Paper No. 5
Presentation Time: 2:55 PM
RECURRENCE AND FLOW DIRECTION OF THE CORDILLERAN ICE SHEET (CIS) ACROSS THE KAWDY PLATEAU, NORTHERN BRITISH COLUMBIA
While extensive research has constrained the timing of advances and retreats of the North American ice sheet, less is known about the development and fluctuations of the Cordilleran ice sheet (CIS). The Kawdy Plateau (KP), located in the Dease Lake area of northern British Columbia, is an ideal place to constrain the timing and minimum thickness of the CIS. Evidence for glaciation on the plateau includes six identified glaciovolcanic features (Kawdy Mountain, Tutsingale Mountain, Nuthinaw Mountain, Meehaz Mountain, Tanker tuya, Horseshoe tuya) as well as one very distinct cirque and an extensive field of glacial scours striking between 21-92° across the plateau floor and the tops of at least two of the tuyas.

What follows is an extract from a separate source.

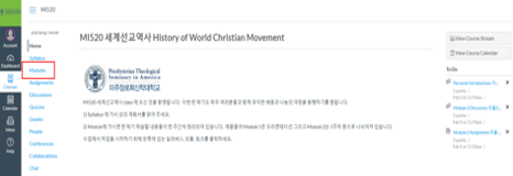 Basics of studying using Canvas… Use the “Modules” in the left Menu bar and follow the instructions. Other sections like "Assignment", "Discussions", "Quizzes" will not be needed when studying. You can think of them as “storage” for the Modules. Everything you need to communicate with the professor is in the Modules. You can go into the Modules to watch lectures, join discussions, and submit assignments.

These scours, which appear to cluster into at least three separate groups with unique orientations, may indicate the presence of up to three separate glaciers flowing in slightly different directions over the KP, separated by enough time to allow the previous glacier to melt entirely and expose the plateau floor to continued erosion. Cross-cutting relationships and quality of preservation indicate that the group striking between 88-92° across the plateau and tuyas is the oldest, the group striking 21-59° is younger than that, and a group striking 60-88° is the youngest. Drumlinoid features on the plateau floor and on top of Horseshoe Tuya indicate that despite ~70 degrees in variation of orientation direction of scours across the entire area, the ice sheets acting in this area always flowed in an east-to-west or northeast-to-southwest direction.
The observation of these different groups, as well as alpine glacial features like the cirque on Horseshoe Tuya, is most consistent with the hypothesis that the CIS did fluctuate extensively in size during the Pleistocene, between periods of thick, low-elevation ice cover and periods of more sparse, high-elevation cover or even complete absence of ice. Evidence for multi-stage continental glaciation has important implications for the reconstruction of the history of the CIS, as well as for the paleoclimate factors that controlled its development.